*DIRECTIONS*
The required output is an exact copy of the lines from the one containing "尾盘资金出逃,11月18日主" through the end of the entries below, with pictures removed.

*SUPPLIED DATA*

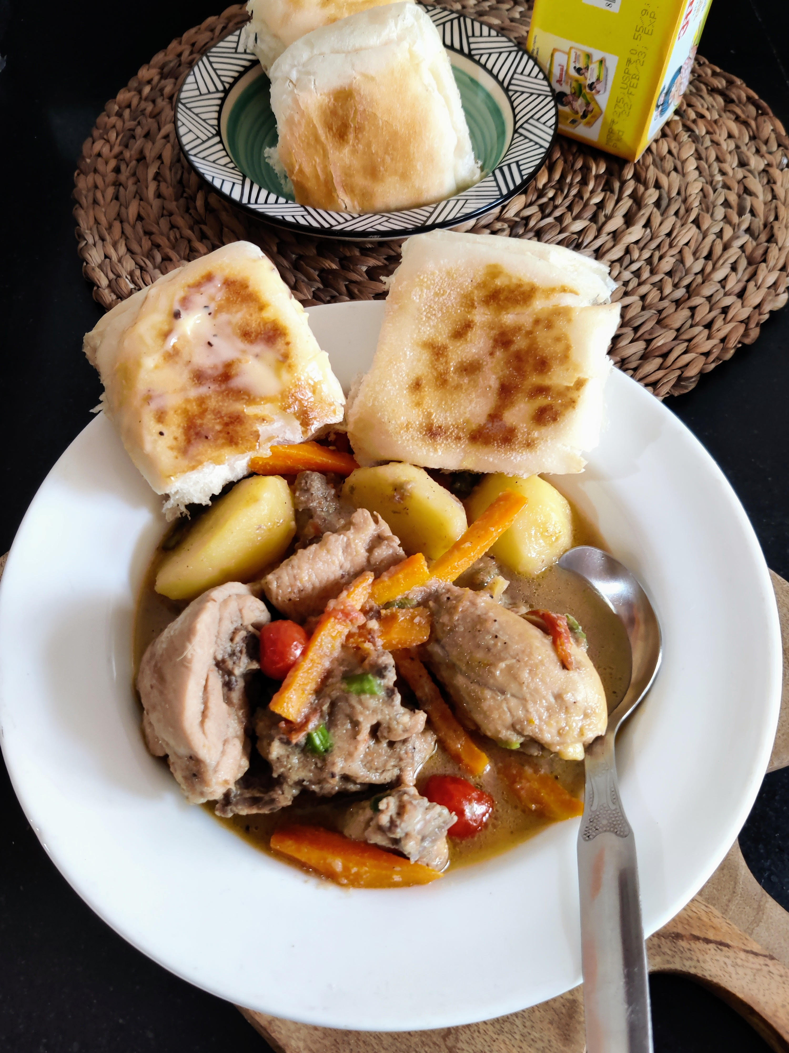 Our chicken stew is a meal in itself, full of protein and veggies. It's cooked in butter and we serve the stew with 2 pieces of buttered pav. A perfect meal for your children too.
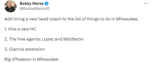 名记Bobby Marks列出雄鹿今夏要做的事——1、聘请一位新的主教练;2、自由球员大洛佩兹和米德尔顿的续约;3、字母哥的提前续约;雄鹿迎来一个很大的休赛期。
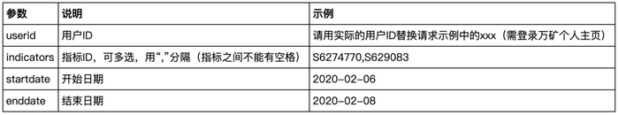 https://www.windquant.com/qntcloud/data/edb?userid=xxx&indicators=S6274770,S6290834&startdate=2020-02-06&enddate=2020-02-08
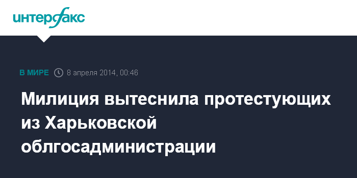 Харьков. 8 апреля. ИНТЕРФАКС-УКРАИНА – Сотрудники милиции вытеснили протестующих против новой киевской власти граждан из здания Харьковской облгосадминистрации, сообщил агентству "Интерфакс-Украина" источник в правоохранительных органах.
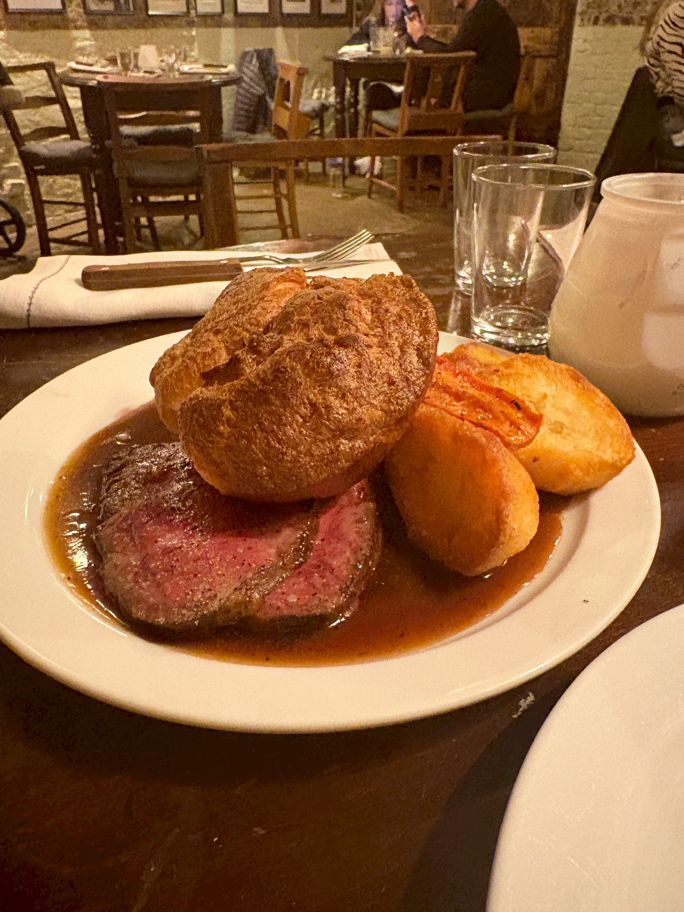 ![]() イギリスの伝統的な日曜日のご馳走「サンデーロースト」をパブにて |
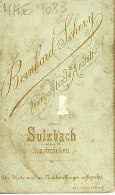 Das Bild zeigt eine junge Frau die angelehnt an einer Art Holzattrappe, vor einer Fototapete o. ähnlichem, steht. Sie trägt ein 2-teiliges dunkles Kleid. Das Oberteil ist komplett enganliegend, mit langer Knopfleiste und kleinem Schößchen bis über die Hüfte. Aus dem kleinen Halskragen und den Manschetten ragt weißer Stoff. Sie trägt außerdem eine mittellange Kette mit Kreuz und Ohrhänger. In den Händen hält sie ein Buch. Sie schaut geradewegs und freundlich in die Kamera. Ihre Haare sind streng in der Mitte gescheitelt und nach hinten gebunden. Unter der Fotografie ist das Emblem des Fotografen Bernhard Schery aus Sulzbach. Auf der Rückseite ist ebenfalls das Logo mit Hinweis auf Nachbestellungen vermerkt.
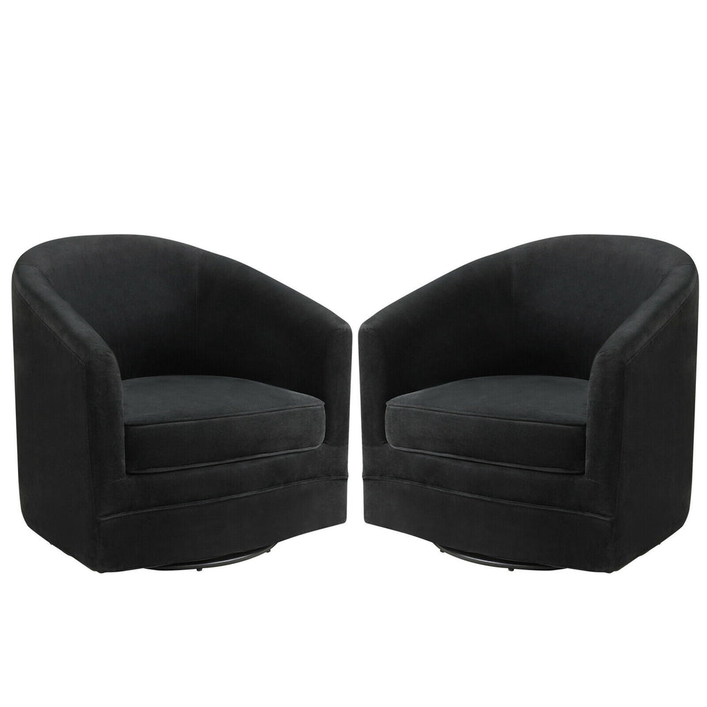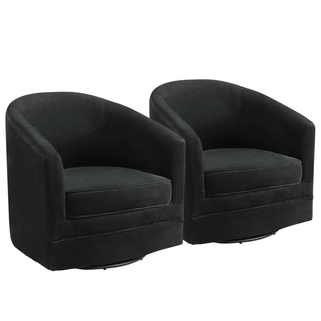 Add a leisure spot in your home with our swivel barrel accent chair! This accent chair has a classic round shape with a curved and angled back and an inclined armrest for ergonomic seating. The seat is upholstered with high-density sponge and elastic springto ensure comfortable sitting experience. Coveredwith skin-friendly velvet fabric, this singlesofa chair is soft to touch and provides higher degree of comfort. This accent armchair has a solid metal swivel base, which increases the overall sturdiness and allows 360-degree smooth swivel. With modern round barrel design, the chair issuitable for home, office, cafes and more. Moreover, the chair is coming fully assembled, which saves your time and energy.
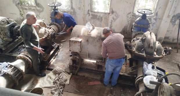 أعادت الورشات الفنية في مديرية الموارد المائية بطرطوس تأهيل محطة ضخ عين الزبدة، وشملت الأعمال صيانة ثلاثة محركات وثلاث مضخات ضمن المحطة، التي تروي 360 هكتاراً من الأراضي الزراعية في سهل عكار ضمن شبكات سد الابرش، باستطاعة 110 كيلو واط لكل محرك و220 لتراً/ثانية لكل مضخة.
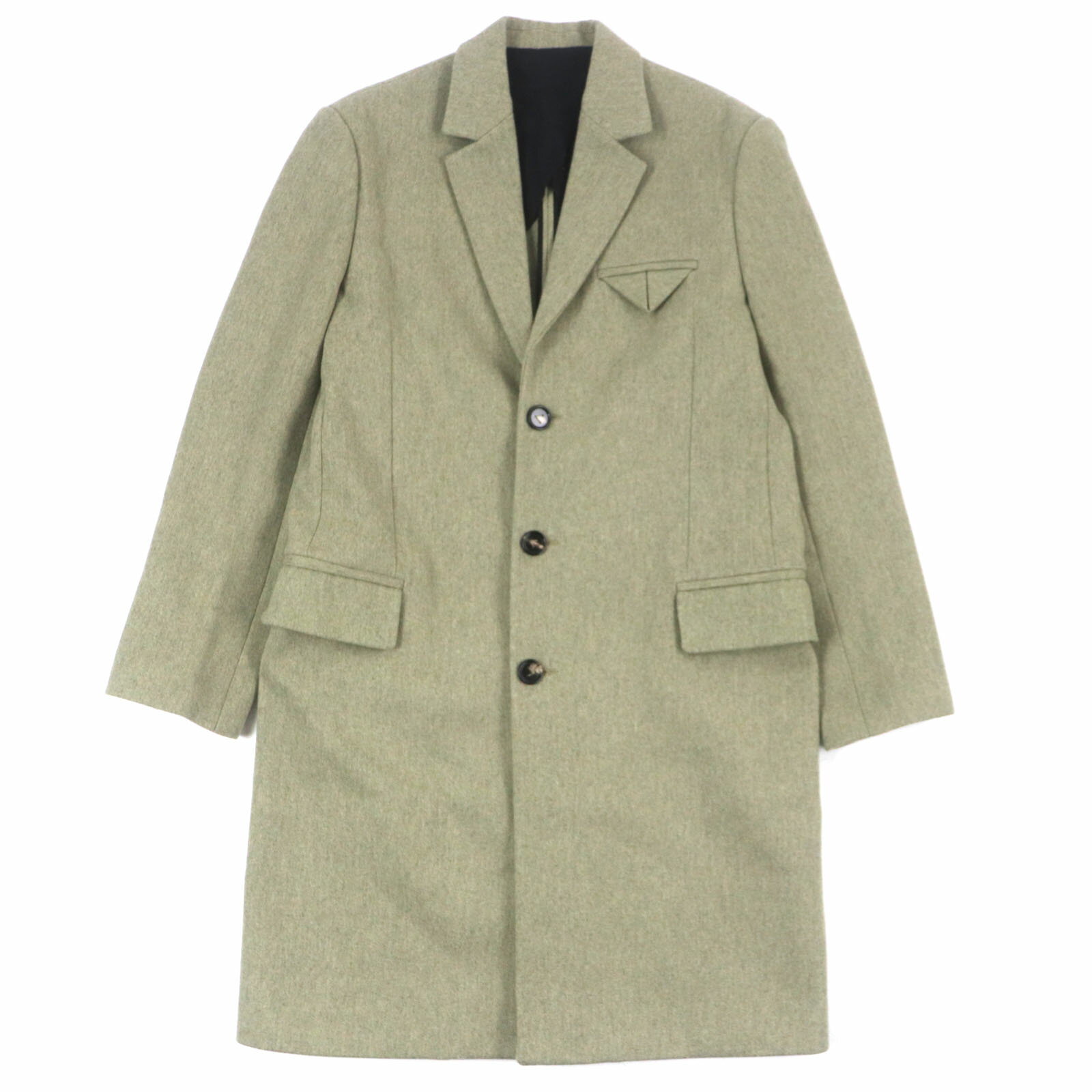 極美品▼BOTTEGAVENETA ボッテガヴェネタ 20AW 647389 ウール80% シングル チェスターコート グリーン系 46 イタリア製 正規品 メンズ【中古】
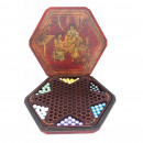 Chinese chequers set in Antique style box embossed with decoration of Chinese themes. Contains six sets of glass playing pieces in different colours.
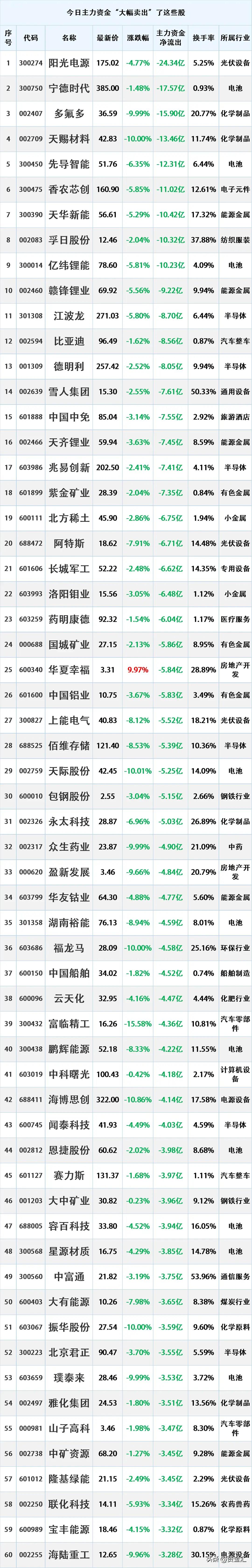 尾盘资金出逃,11月18日主力资金大幅流出的股票名单。 资金流出是指在一定时期内(如一天、一周等),主动卖出某只股票的资金量大于主动买入该股票的资金量。主动卖出是指投资者以买方的报价直接成交,显示出投资者对该股票的消极持有或抛售意愿。
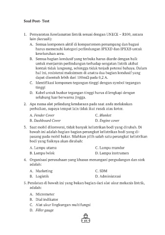 1. Persyaratan Keselamatan listrik sesuai dengan UNECE – R100, antara
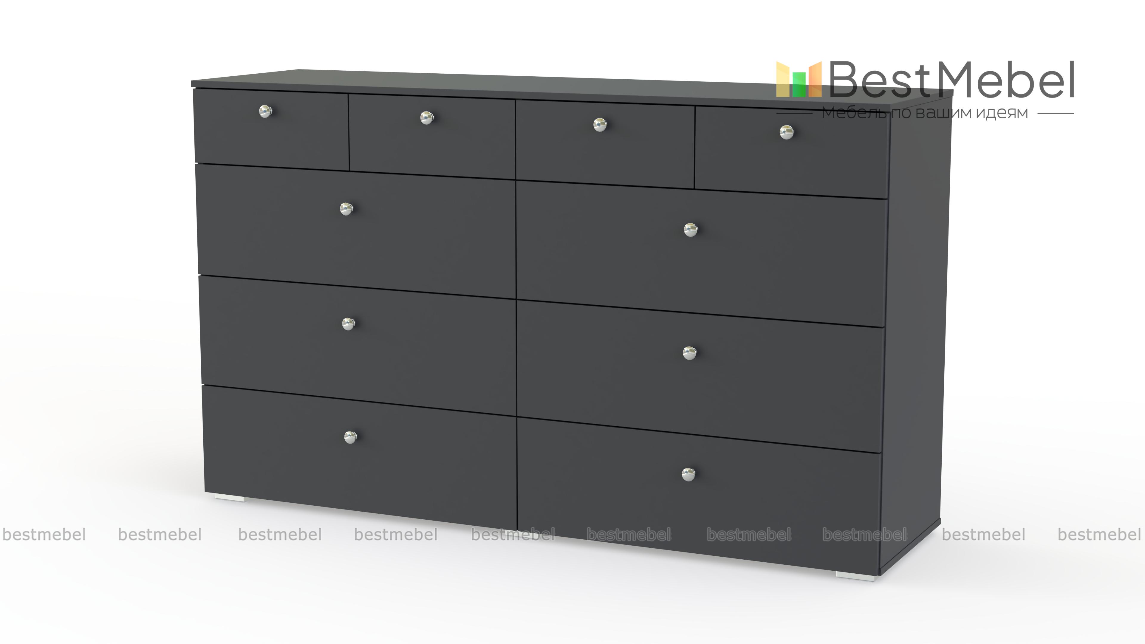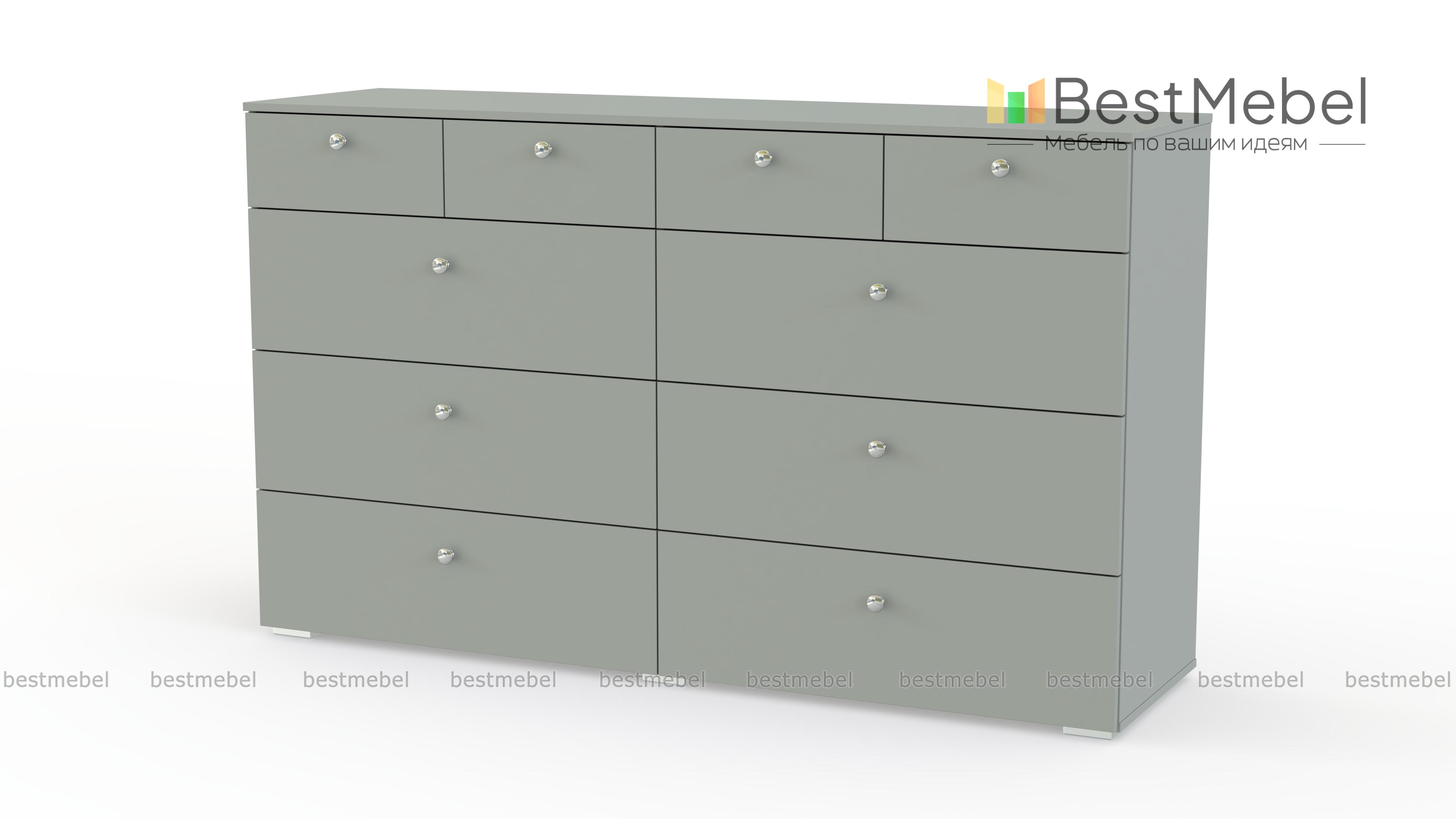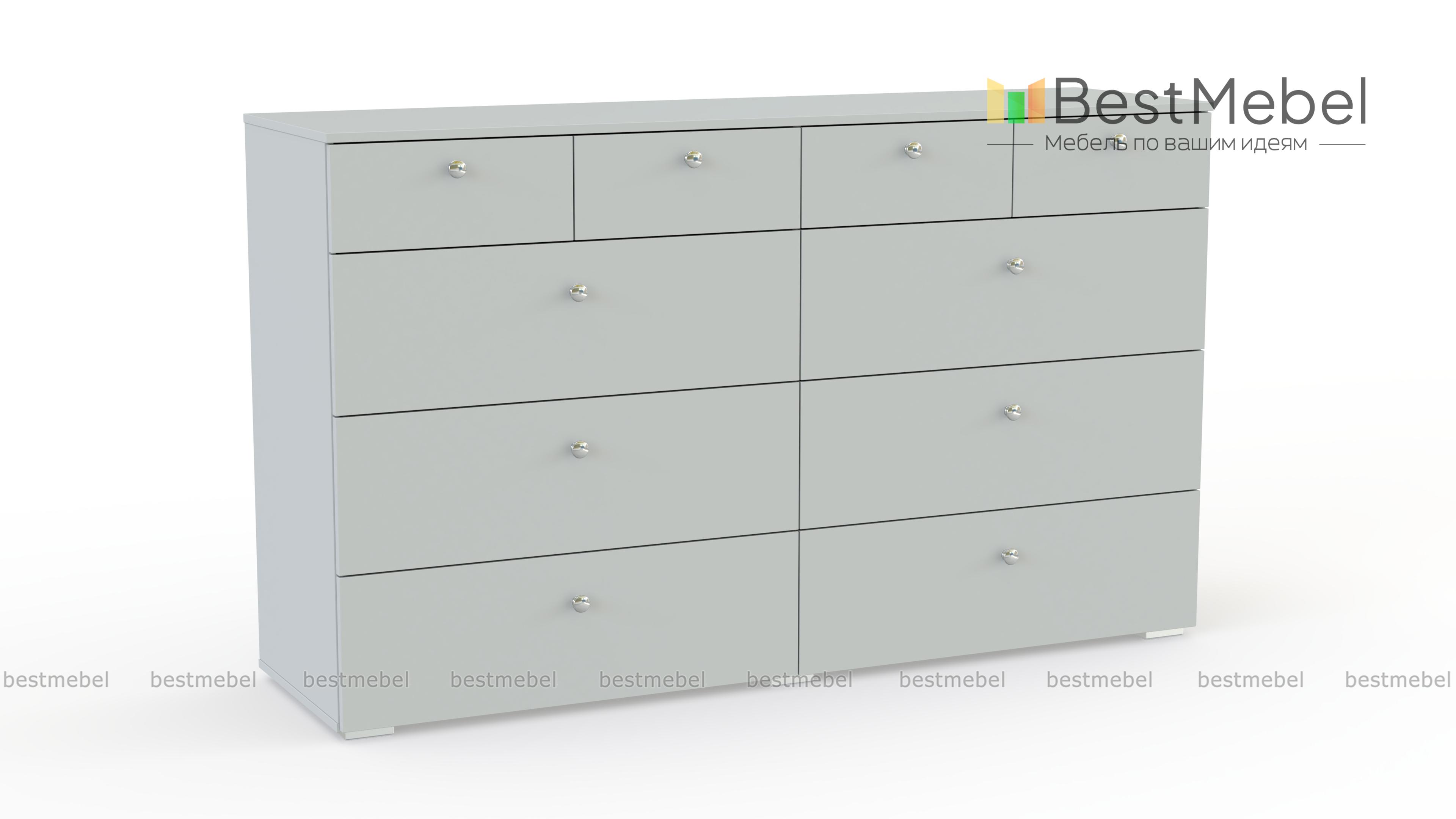 Комод Эдна 10 BMS поможет вам разместить как необходимые под рукой мелочи, так и постельное белье, одежду и аксессуары. Широкая модель с просторной столешницей оборудована четырьмя малыми выдвижными ящиками и шестью большими, оснащенными ручками-кнопками. Простой и функциональный дизайн в сочетании с исполнением в сером цвете делает модель универсальной для современных интерьеров. Купить комод Эдна 10 BMS приглашаем в наш интернет-магазин по доступной цене.

*SOLUTION TO THIS EXERCISE*
 尾盘资金出逃,11月18日主力资金大幅流出的股票名单。 资金流出是指在一定时期内(如一天、一周等),主动卖出某只股票的资金量大于主动买入该股票的资金量。主动卖出是指投资者以买方的报价直接成交,显示出投资者对该股票的消极持有或抛售意愿。
 1. Persyaratan Keselamatan listrik sesuai dengan UNECE – R100, antara
 Комод Эдна 10 BMS поможет вам разместить как необходимые под рукой мелочи, так и постельное белье, одежду и аксессуары. Широкая модель с просторной столешницей оборудована четырьмя малыми выдвижными ящиками и шестью большими, оснащенными ручками-кнопками. Простой и функциональный дизайн в сочетании с исполнением в сером цвете делает модель универсальной для современных интерьеров. Купить комод Эдна 10 BMS приглашаем в наш интернет-магазин по доступной цене.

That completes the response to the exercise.